The challenges associated with ADHD can significantly affect a child's self-esteem, social interactions, and academic performance. Children with ADHD may struggle to make and maintain friendships, often feeling misunderstood or left out. They may also face academic challenges due to difficulties with focus and organization.


For example, Liam loved playing soccer but often felt excluded during games. His impulsivity sometimes led to him charging into plays without waiting for his teammates, resulting in missed passes and frustrated friends. This made him question his social skills and feel isolated.


Strategies for Supporting Children with ADHD


Supporting children like Liam requires a combination of understanding, patience, and practical strategies. Here are some effective ways to help:


1. Create Structure and Routine: Establishing a consistent daily routine can help children with ADHD feel more secure and organized. Visual schedules can be particularly beneficial.


For example, Liam’s parents created a colorful chart outlining his daily activities, including homework, chores, and playtime. This visual aid helped him stay on track and reduced anxiety about what was coming next.


2. Break Tasks into Manageable Chunks: Children with ADHD often feel overwhelmed by long assignments. Breaking tasks into smaller, manageable steps can help them maintain focus and achieve success.


For example, Liam’s teacher began assigning shorter tasks with clear deadlines. This approach helped Liam complete his work without feeling overwhelmed, and he experienced a sense of accomplishment each time he finished a task.


3. Incorporate Movement Breaks: Allowing children to take short breaks for physical activity can help them release excess energy and improve concentration.


For example, during long periods of seated work, Liam’s teacher implemented "brain breaks"—short intervals where students could stand up, stretch, or dance. This increased focus and engagement during lessons.

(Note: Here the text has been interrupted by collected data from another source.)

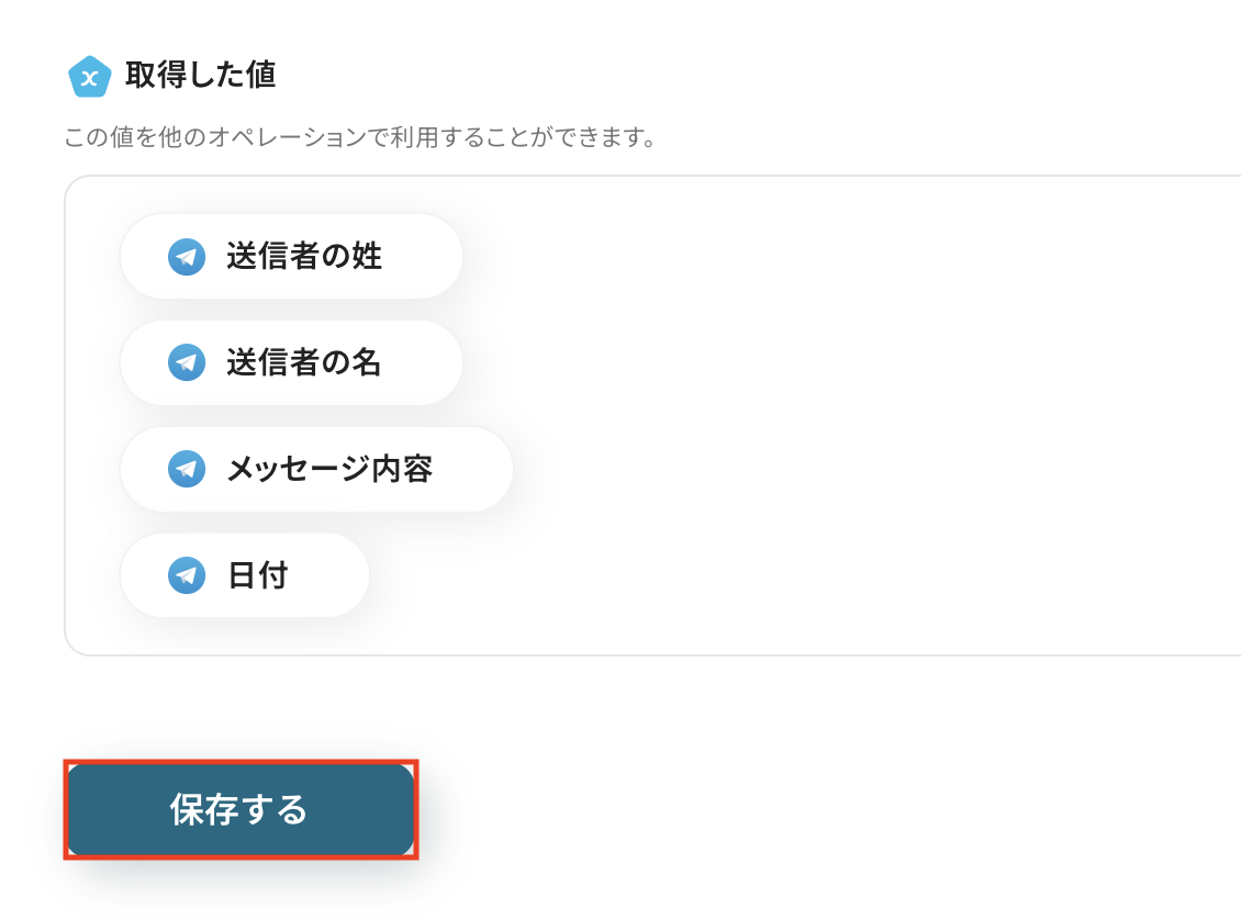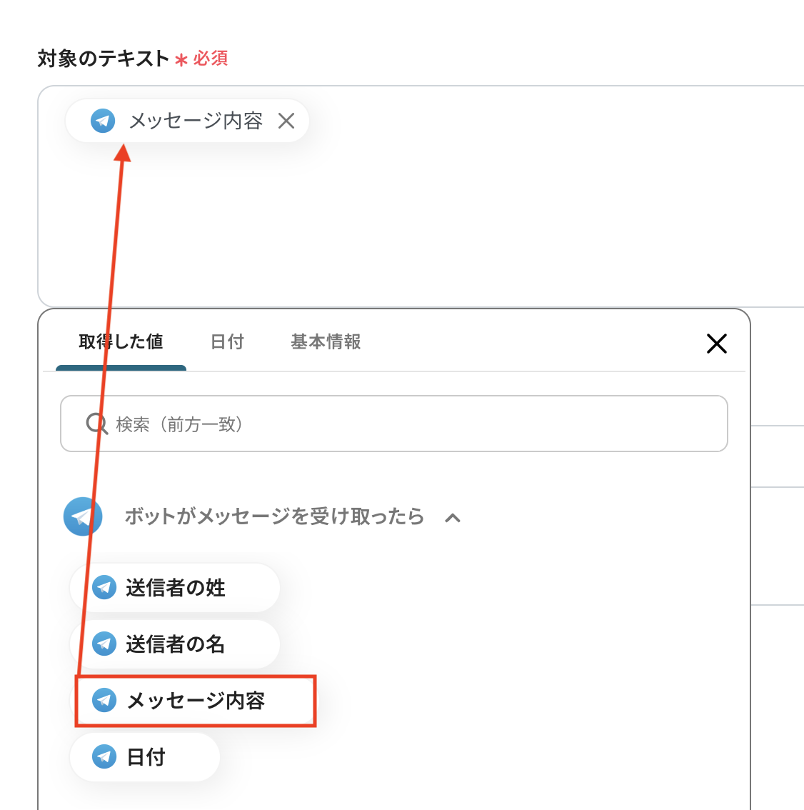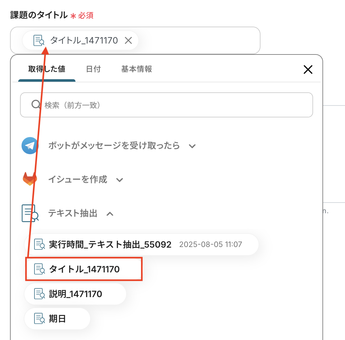 入力欄をクリックすると、前のステップでTelegramから取得済みのアウトプットが表示されるので、選択して入力しましょう。
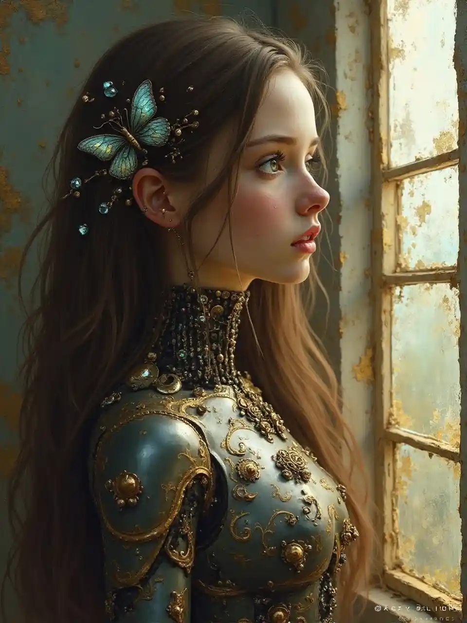 No estilo evocador de Casey Baugh, arte de uma bela jovem ciborgue com cabelos castanhos longos, futurista, scifi, intrincado, elegante, altamente detalhado, majestoso, pincel de Baugh infunde a pintura com uma combinação única de realismo e abstração, Greg Rutkowski, filigrana de ouro surreal, vidro quebra, (obra-prima, iluminação lateral, detalhados olhos bonitos: 1.2), hdr, pintura realista, pele natural, pele texturada, boca fechada, olhos de cristal, filigrana de borboleta, armadura de peito, maquiagem de olhos, articulações robóticas, cabelo longo movido pelo vento, janela de frente para outro mundo, o estilo distintivo de Baugh captura a essência da natureza enigmática da menina, convidando os espectadores a explorar as profundezas da sua alma, a ganhar prémios
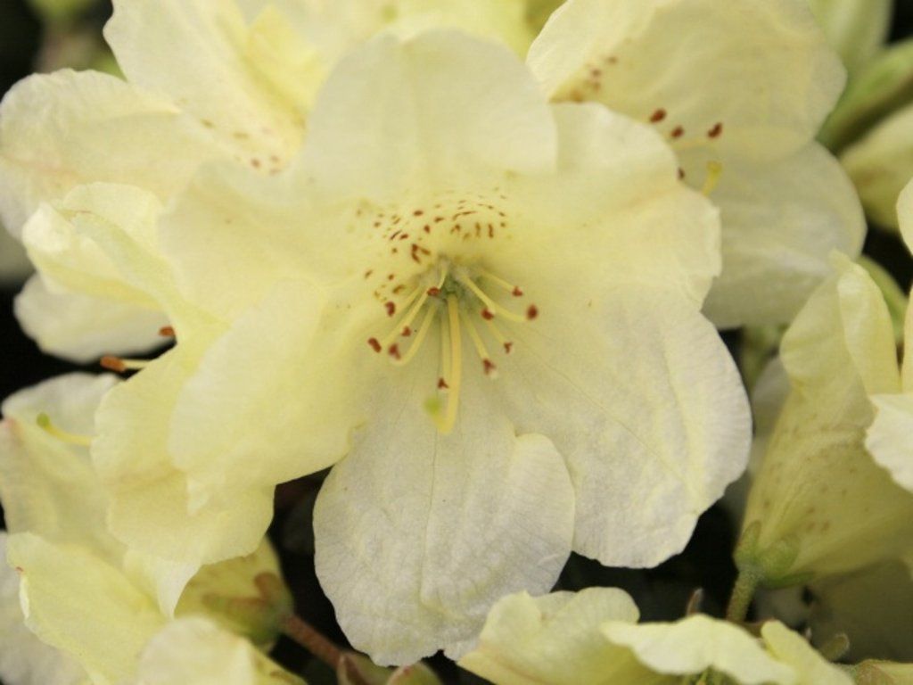Rhododendron 'Wren' - gehört zu den Zwergkultivaren, die von der Art Rhododendron keiskei abstammen, welche ursprünglich aus den Bergregionen Japans stammt. In seiner natürlichen Umgebung wächst er in humosen, leichten Böden unter dem gestreuten Licht von Nadelwäldern. Der Kultivar 'Wren', gezüchtet für seinen kompakten Habitus und seine frühe Blüte, bildet dichte, niedrige Polster mit einer Höhe von etwa 30-50 cm und einer Breite von 50-100 cm. Seine Blätter sind klein, elliptisch, tiefgrün, immergrün und behalten ihre Struktur auch in den Wintermonaten gut bei. Die Blüten erscheinen bereits im April und blühen bis in den Mai hinein. Sie sind weitglockig, 3-4 cm groß, cremegelb bis hellbuttergelb, manchmal mit einem zarten grünlichen Schimmer im Schlund. Die Blüten sind in kleineren Trugdolden angeordnet, die besonders in Kombination mit dunklerem Laub hervorstechen. Die frühe Blüte macht ihn zu einem geeigneten Element für Kompositionen, bei denen es darum geht, die Frühlingssaison zu verlängern. Die Pflanze findet Anwendung in Steingärten, auf Heideflächen, zwischen Zwergkoniferen oder als Topfsolitär auf geschützten Terrassen. Sie lässt sich gut mit kleinen Kultivaren von Pieris japonica, niedrigen Kiefern und Frühlingszwiebelblumen kombinieren.
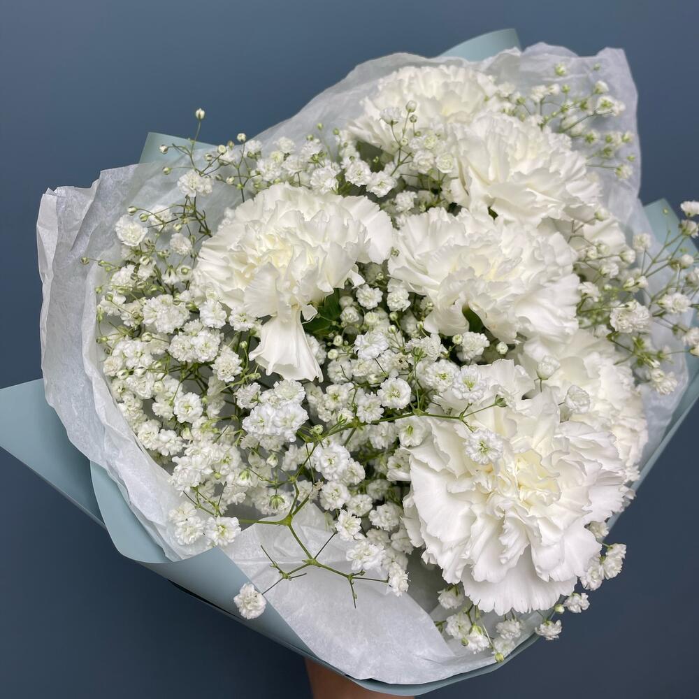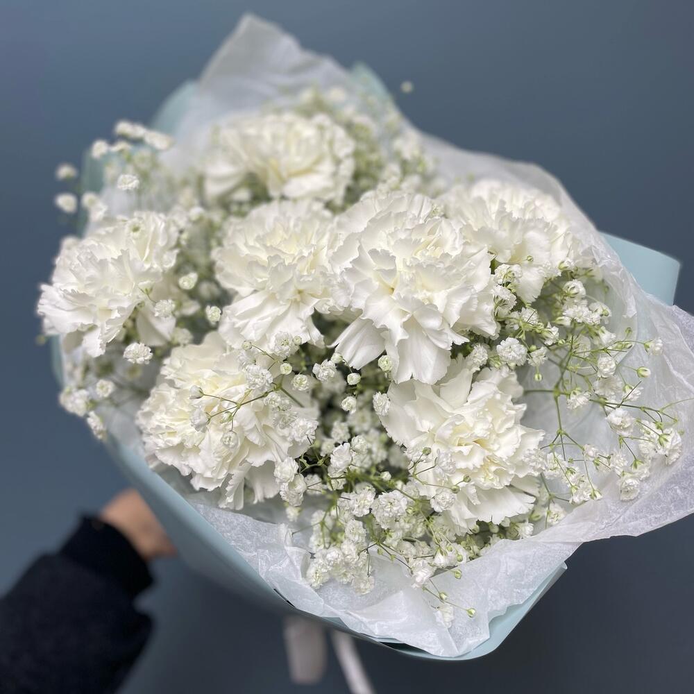 Диантус – 7 шт.Гипсофила – 3 шт.Упаковка – 1 шт.Тишью – 2 шт.Лента атласная – 1 шт.

4. Use Positive Reinforcement: Encouragement and rewards for positive behavior can motivate children with ADHD to develop better self-regulation and organizational skills.

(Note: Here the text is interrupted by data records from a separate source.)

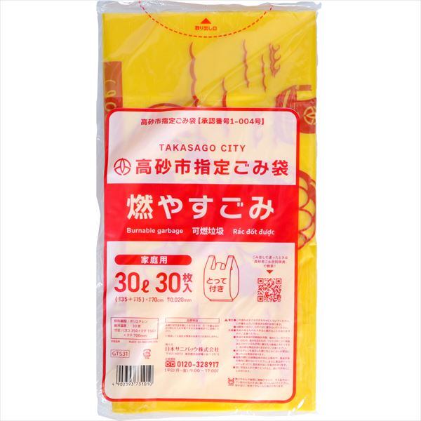 ■【商品名】: 【まとめ買い】GTS31 高砂市可燃 とって 30L 30枚×20点セット
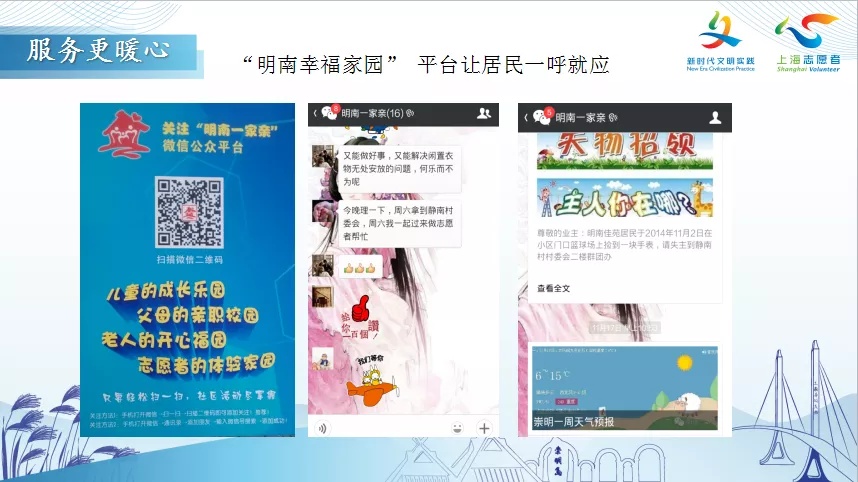 如今,志愿服务行动已发展到“亲子共成长”“爱心伴夕阳”“邻里守望相助”等五大公益服务项目,服务内容瞄准的正是育儿、养老、睦邻、安全和健康这五个群众反映最突出的诉求,并推出两大线上平台,实现服务“触手可及”。
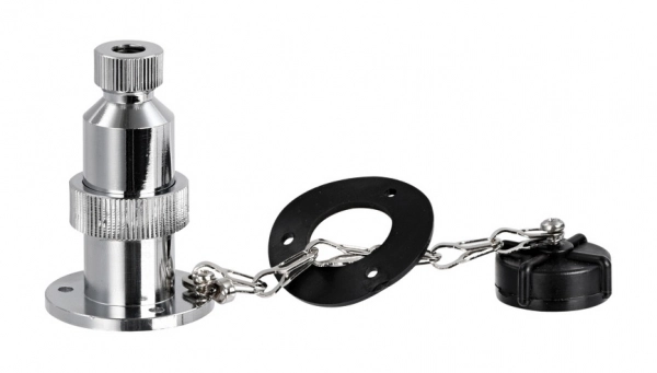 Fiş ve priz. Su geçirmez. Kromaj. Fiş ve priz su geçirmez kromaj. DC 12/24V-5A. İki pimli. Ø 45 mm.
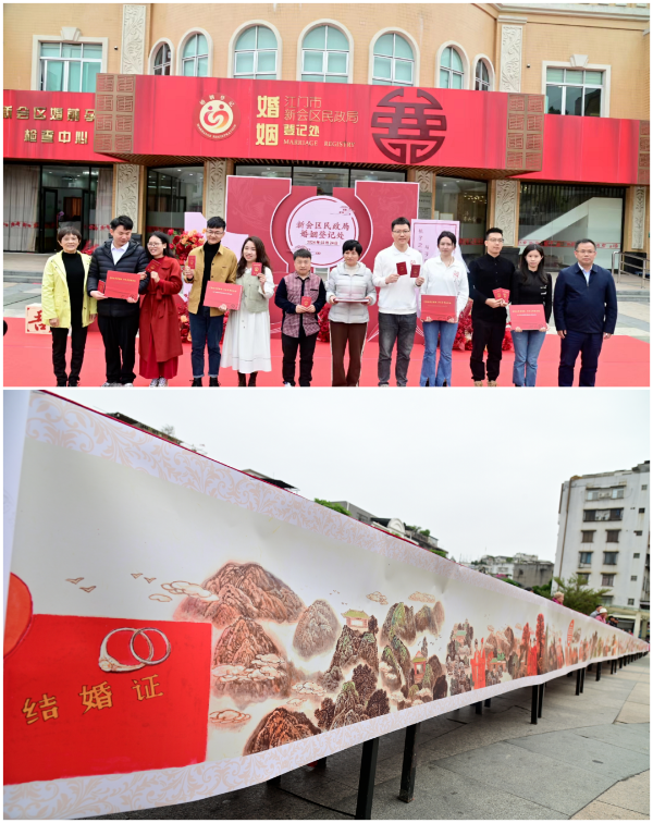 为大力推进婚俗改革,传承和发扬中华优秀传统文化,当天江门市各婚姻登记机关开展了形式多样、精彩纷呈的活动,让新人们感受浓浓的中国式浪漫,开启了幸福美满的婚姻新旅程。
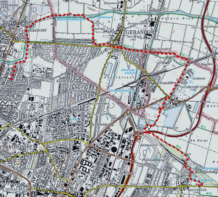 Beim Badesee Gerasdorf trifft der Stadtwanderweg auf den Marchfeldkanal, dem er bis nach Stammersdorf folgt.
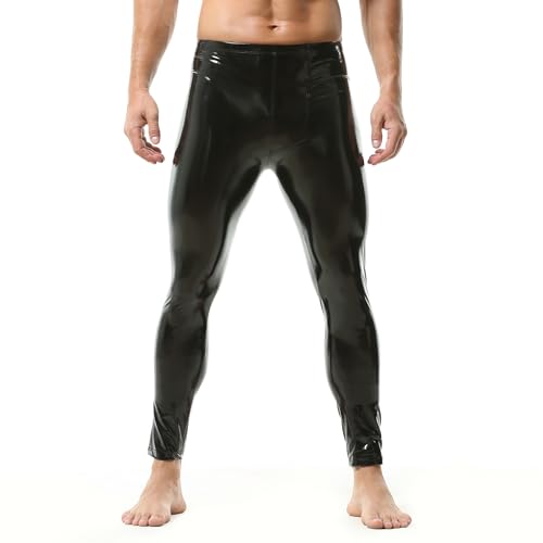 QiaTi herr PU-läderbyxor elastisk midja tajta byxor herr leggings PU slim fit långa byxor för rock punk motorcykel, 2# svart, XL
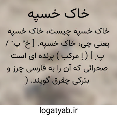 خاک خسپه. [ خ ُ پ َ / پ ِ ] ( اِ مرکب ) پرنده ای است صحرائی که آن را به فارسی چرز و بترکی چقرق گویند. ( برهان قاطع ) ( آنندراج ).
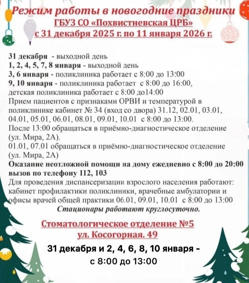 4, 5, 7, 8 января 2026г. амбулаторно-поликлиническая служба не работает

For example, Liam’s parents introduced a reward system where he earned points for completing homework on time or following classroom rules. Accumulating points allowed him to choose fun activities as rewards, boosting his motivation.

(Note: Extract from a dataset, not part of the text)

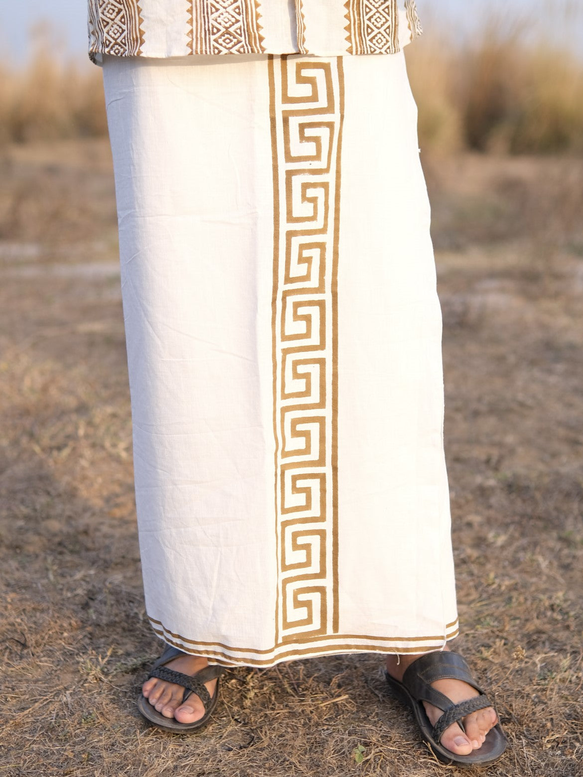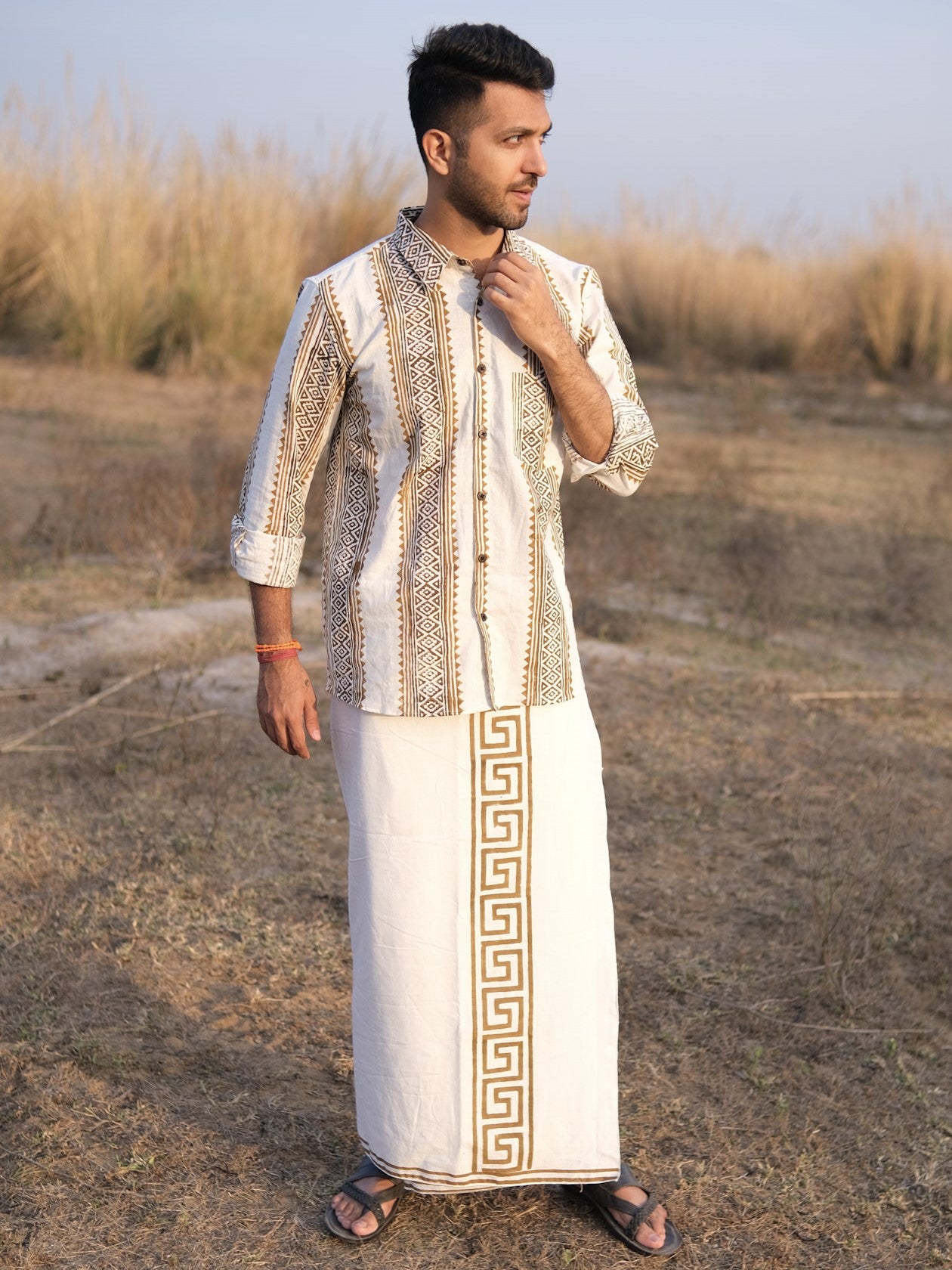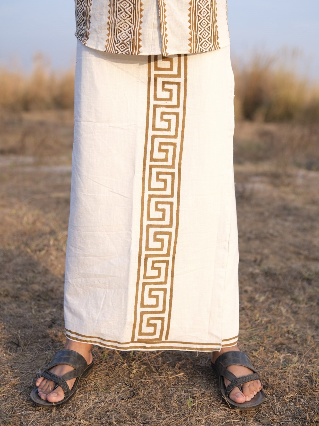 Step into timeless tradition with this Handcrafted Cotton Dhoti, designed in an elegant white shade with a unique brown tribal-pattern border. Made from soft, breathable cotton, it offers full comfort for long hours during rituals, temple visits, cultural functions, weddings, and festive occasions. The simple yet striking print adds a modern cultural flair, making it a perfect match with kurtas, shirts, or ethnic tops. Embrace heritage with a stylish touch — ideal for every traditional wardrobe!

5. Seek Professional Support: Consulting with a mental health professional or pediatrician can provide additional strategies tailored to the child's needs. In some cases, medication may be recommended as part of a comprehensive treatment plan.


For example, after discussions with a child psychologist, Liam's parents decided to explore behavioral therapy alongside academic support. This combination helped Liam develop coping strategies to manage his symptoms effectively.


Conclusion: Celebrating Strengths and Building Resilience


While ADHD presents unique challenges for children, it is essential to recognize the strengths that often accompany the disorder. Children with ADHD can be incredibly creative, energetic, and innovative thinkers. By fostering a supportive environment, providing practical tools, and celebrating their individuality, we can help children like Liam thrive.


In a world filled with distractions and pressures, understanding ADHD is crucial in nurturing resilience and self-confidence in children. With love, patience, and the right strategies, we can empower these children to navigate their journeys, transforming challenges into opportunities for growth and success. Together, let’s create a community where every child, regardless of their struggles, can shine bright and embrace their unique potential.